Diffusion MRI fiber tractography is widely used to probe the structural connectivity of thebrain, with a range of applications in both clinical and basic neuroscience. Despite widespread use, tractography has well-known pitfalls that limits the anatomical accuracy of this technique. Numerous modern methods have been developed to address these shortcomings through advances in acquisition, modeling, and computation. To test whether these advances improve tractography accuracy, we organized the ISBI 2018 3D Validation of Tractography with Experimental MRI (3D-VoTEM) challenge. We made available three unique independent tractography validation datasets – a physical phantom and two ex vivo brain specimens - resulting in 176 distinct submissions from 9 research groups.
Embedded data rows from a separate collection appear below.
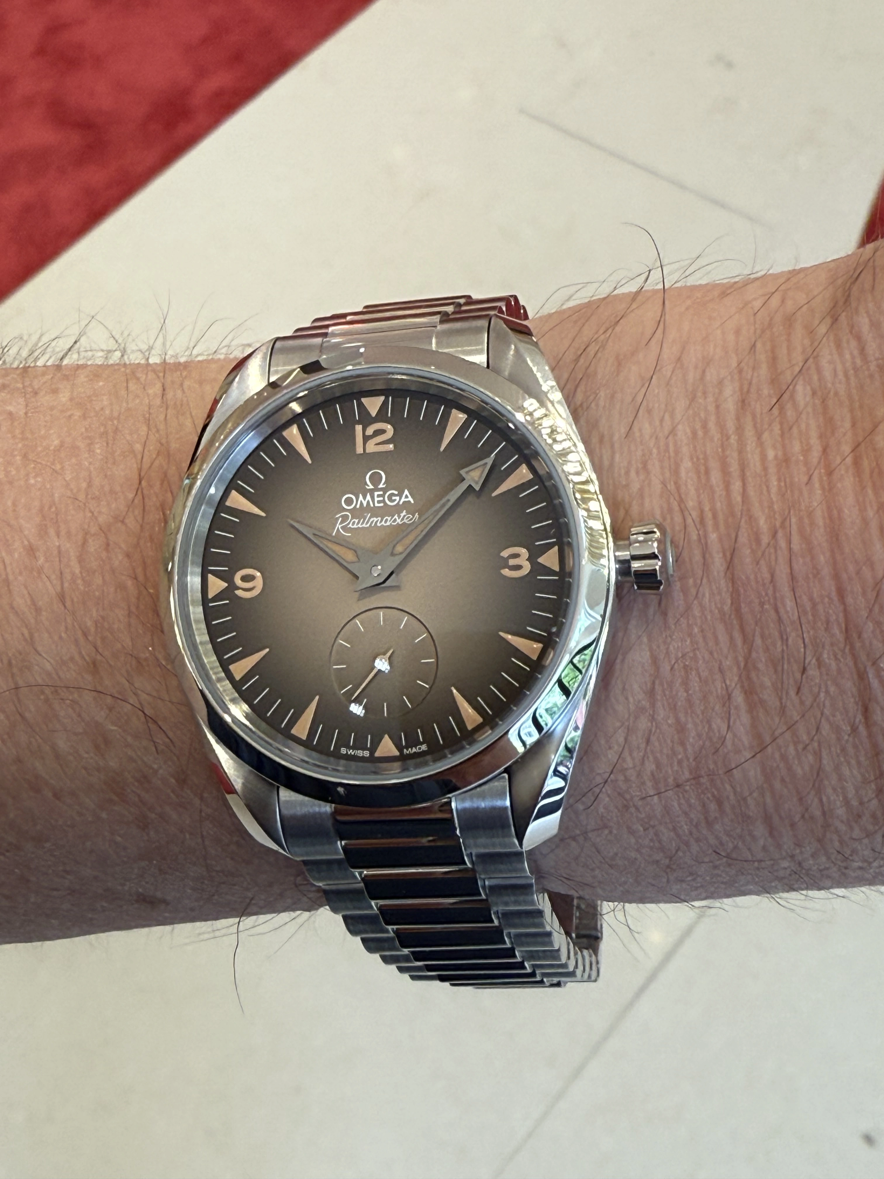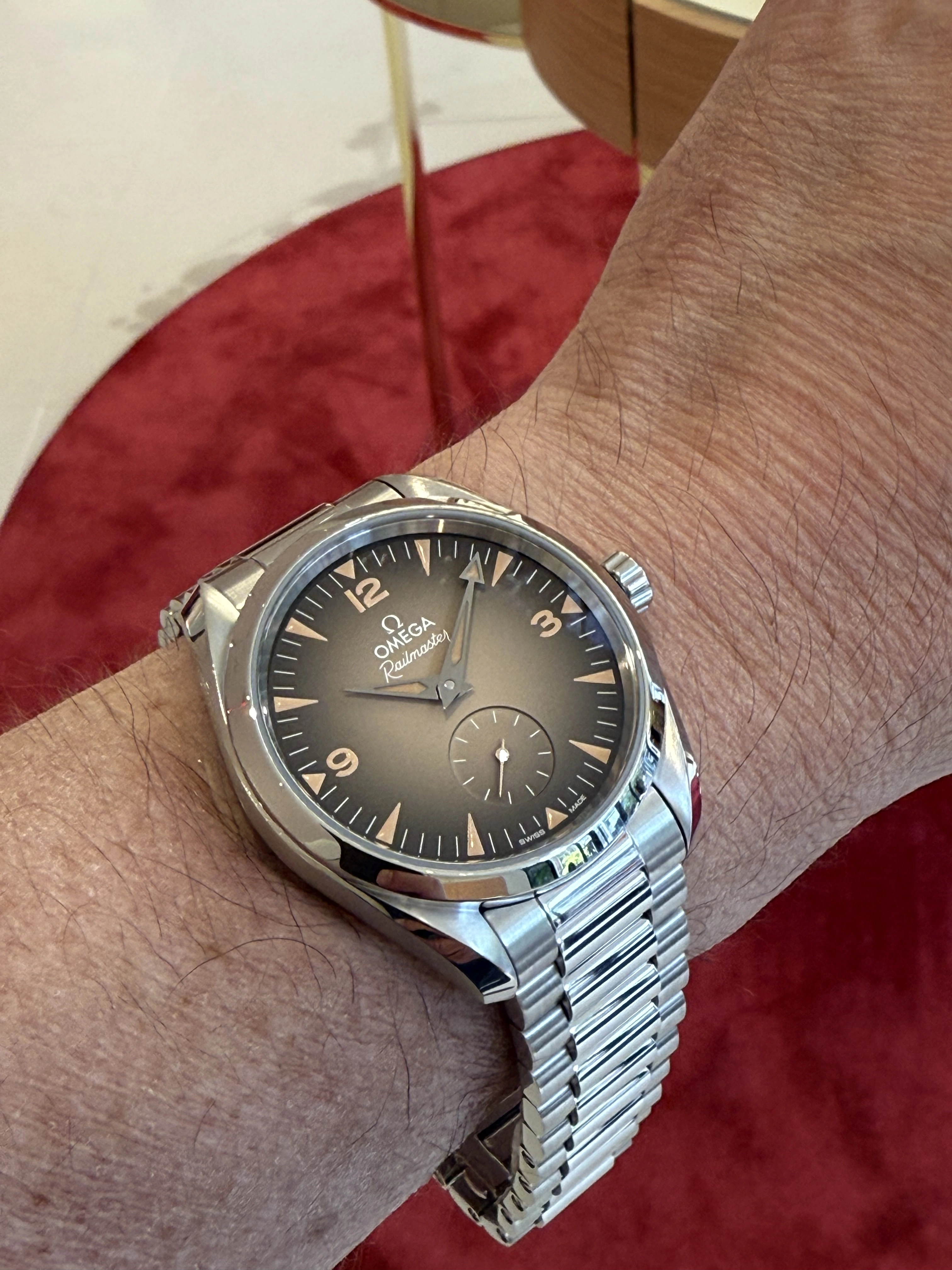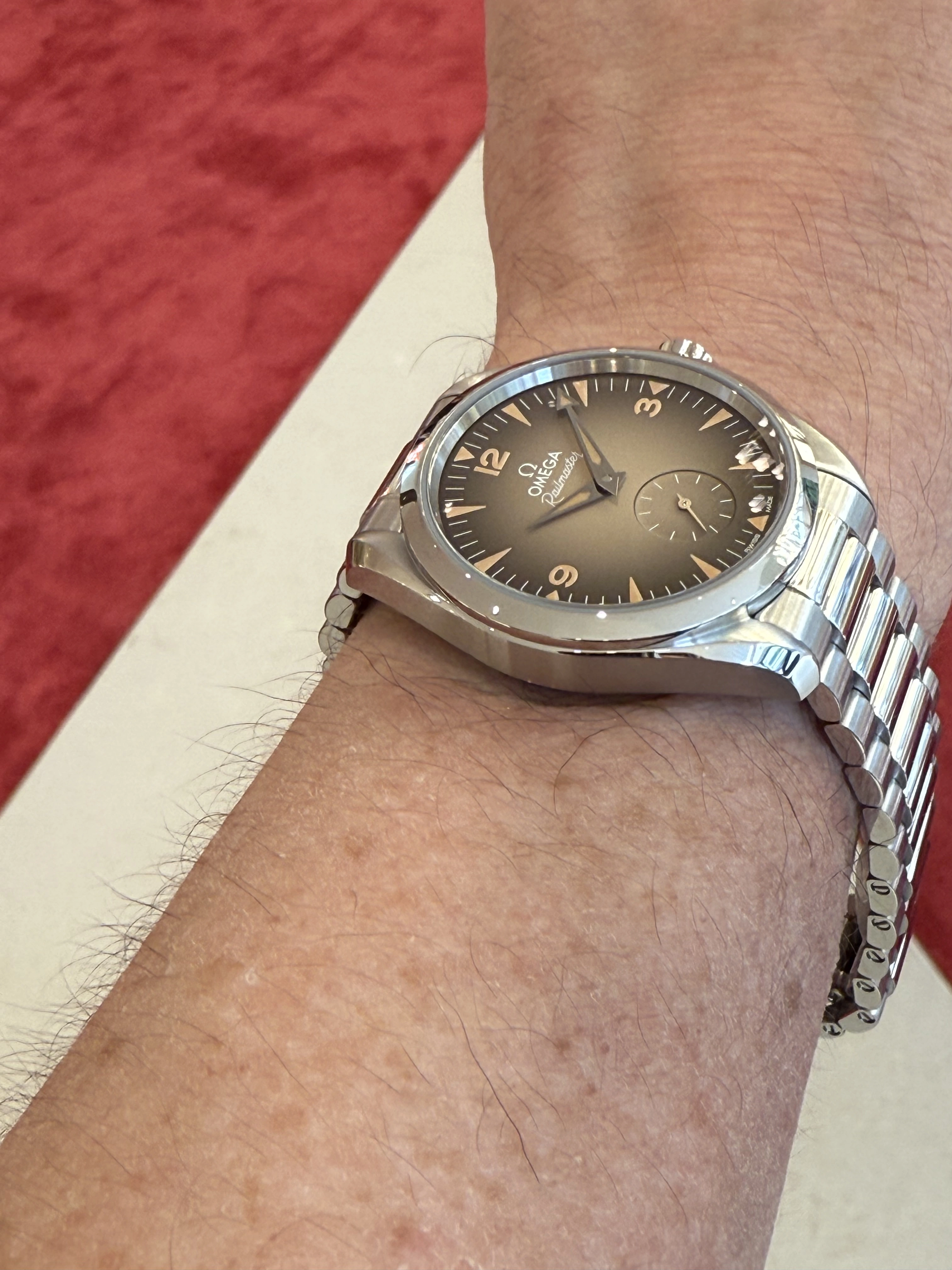 A relaunch of the "out of the park" railmaster with a matte black dial that has a similar texture to the new bronze gold SMP, but with these gradient dials as options, would probably have made sense. Classic, beautiful, slightly textured.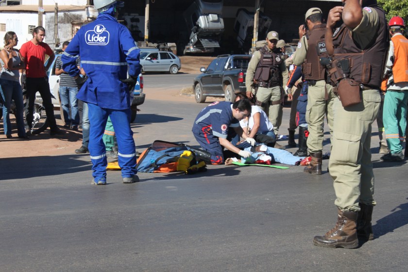 O policial militar Adriano Palmeira da Silva, 28 anos, ficou gravemente ferido, hoje, em torno de 9h, quando colidiu sua pequena moto com uma camionete S10, pilotada por Luiz Carlos Abraão, de 53 anos, no acesso à BR-242, fronteiro à Topvel. O Policial recebeu o primeiro atendimento da SAMU e foi conduzido para o Hospital do Oeste para sofrer cirurgia, pois sofreu fratura exposta em uma das pernas.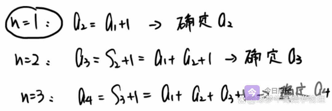 第二,偷换/混淆 概念:已知条件“a_{n+1}=S_{n}+1”里有三个隐藏信息:(1)n是从1开始的;(2)等式中数列{ a_n } 的项数是n+1,即从数列第二项起,数列中的每一项都满足等式;(3)如果把这个前n项和看成一个新数列,{ S_1 , S_2 , S_3 , ... , S_n } ,已知等式中的 n,表示这个新数列的项数,即数列 { a_n } 的前n项和,都满足已知等式;对于基础扎实的学生来说,看到已知条件就能理解到上面三种意思,只是很多学生可能没有意识到;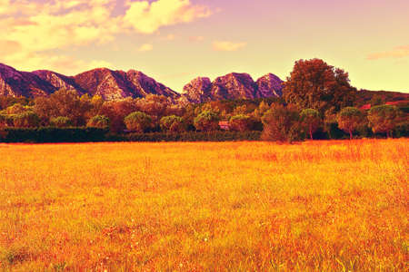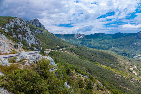 Dramatic sunset in the mountain valley. Cloudy sky with strong wind in Provence, France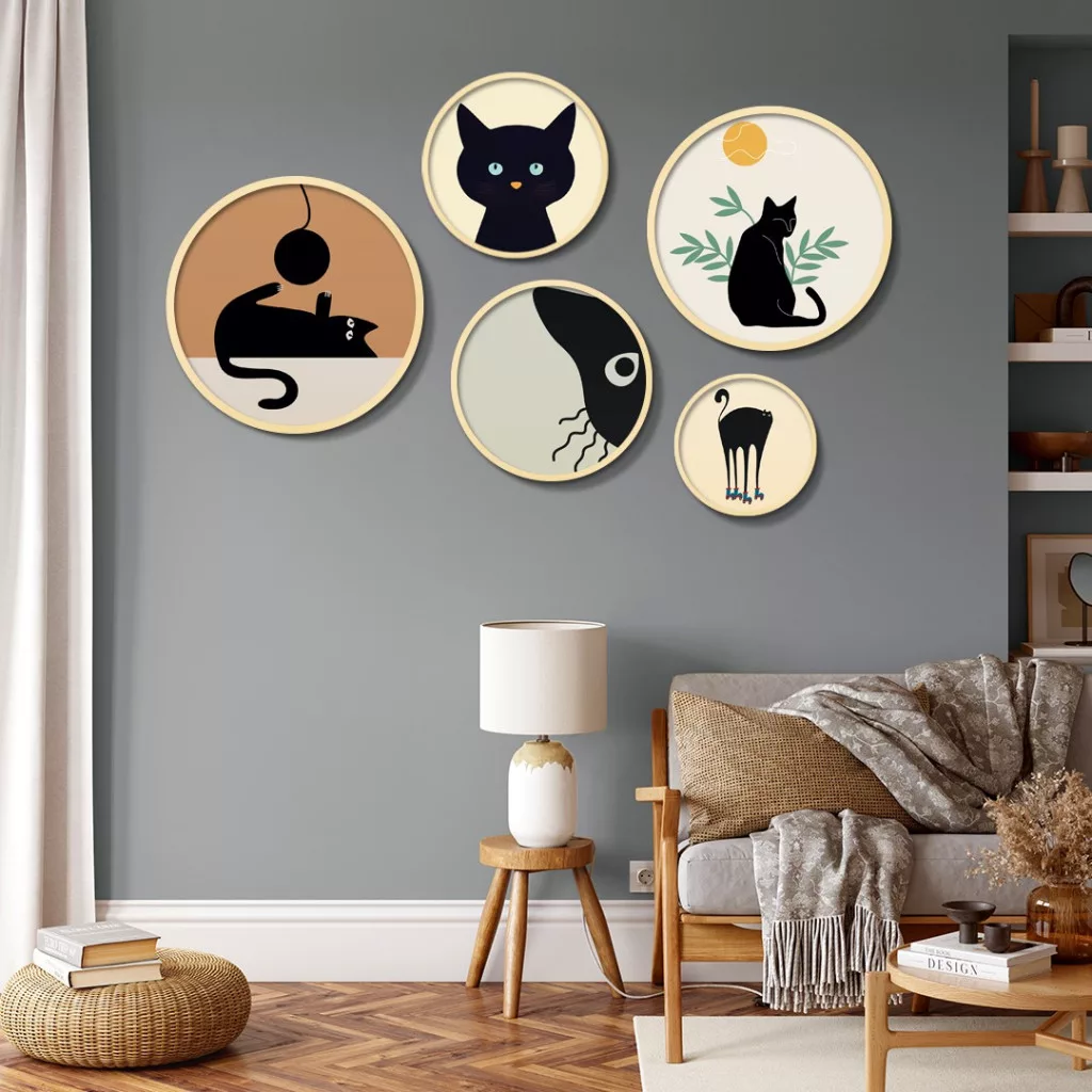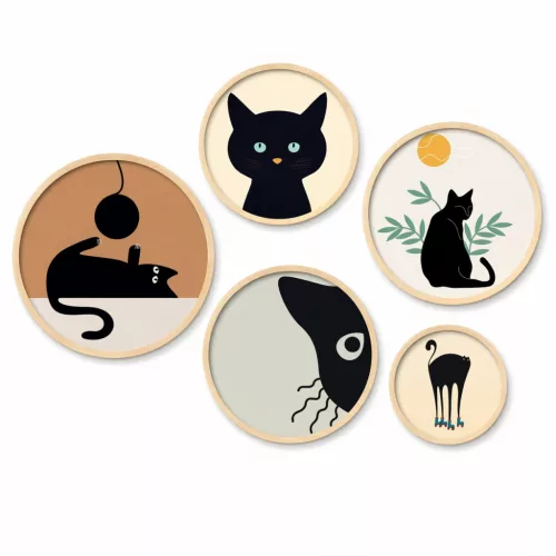 Dekoratív kerek MDF Festmény, 5 Darab, cicák
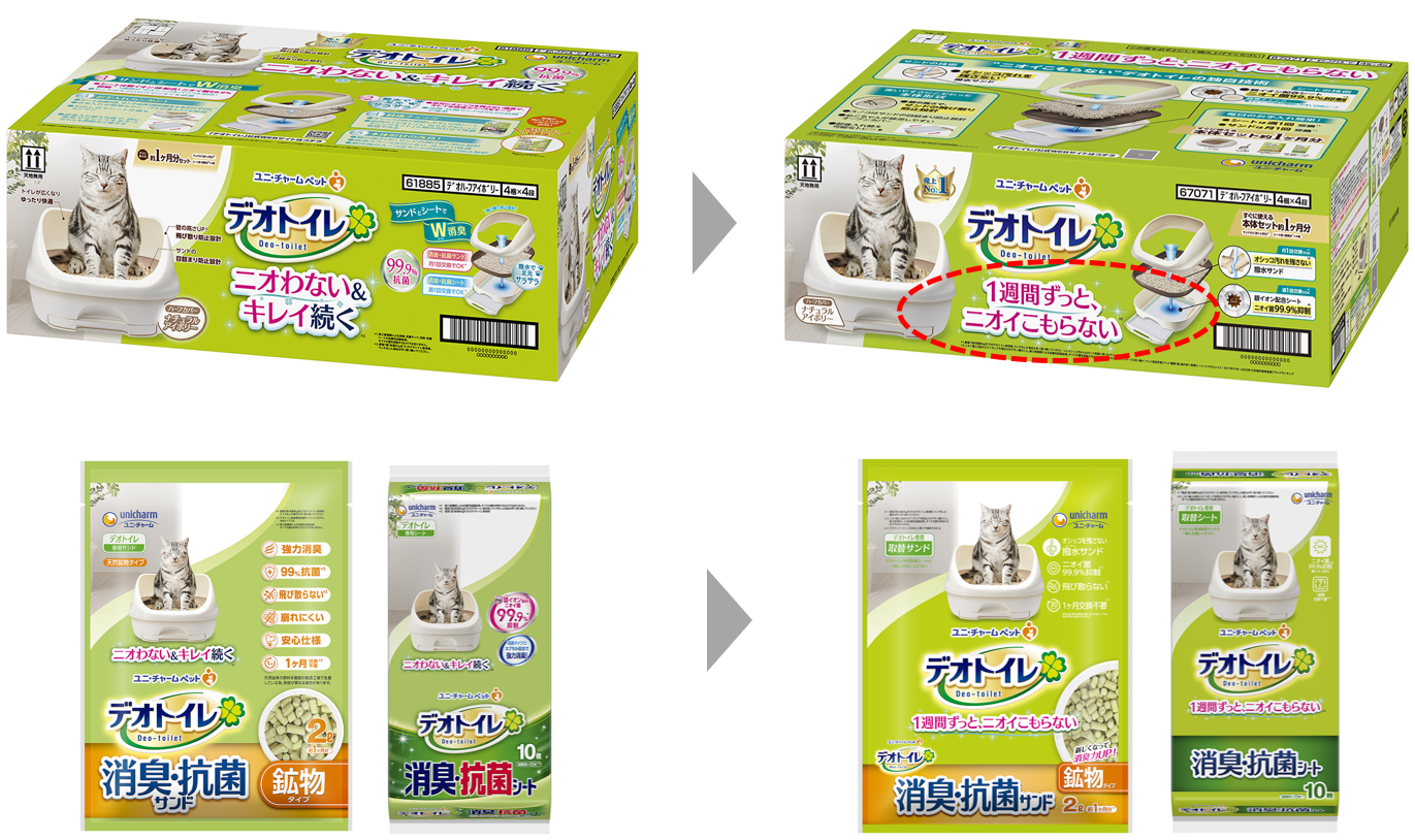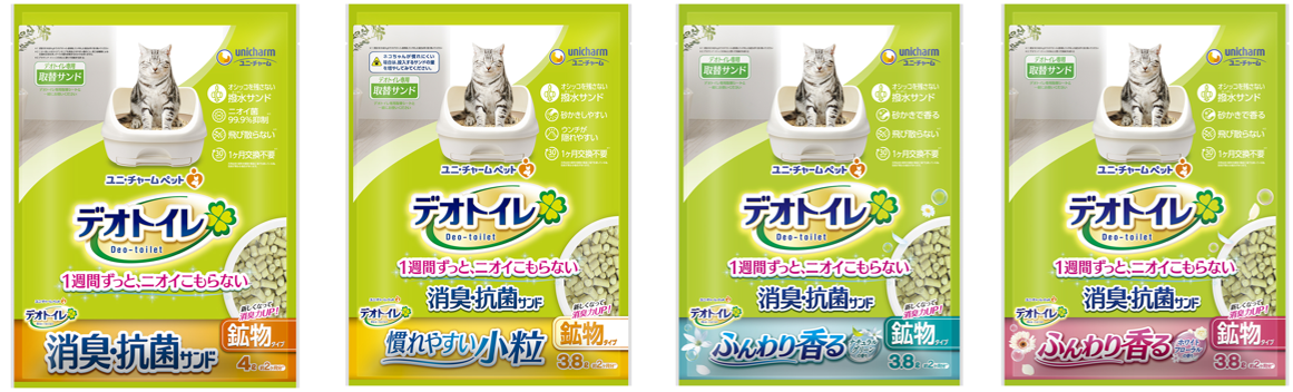 ユニ・チャーム株式会社(代表取締役 社長執行役員:高原豪久)は、多くの飼い主様にご支持いただいている、猫用システムトイレ『デオトイレ』の「消臭・抗菌サンド」「ふんわり香る消臭・抗菌サンド」の消臭力を強化して、4月下旬より全国で順次発売しました。

By comparing results over a wide range of fiber complexities and algorithmic strategies, this challenge provides a more comprehensive assessment of tractography’s inherent limitations than has been reported previously. The central results were consistent across all sub-challenges in that, despite advances in tractography methods, the anatomical accuracy of tractography has not dramatically improved in recent years. Taken together, our results independently confirm findings from decades of tractography validation studies, demonstrate inherent limitations in reconstructing white matter pathways using diffusion MRI data alone, and highlight the need for alternative or combinatorial strategies to accurately map the fiber pathways of the brain.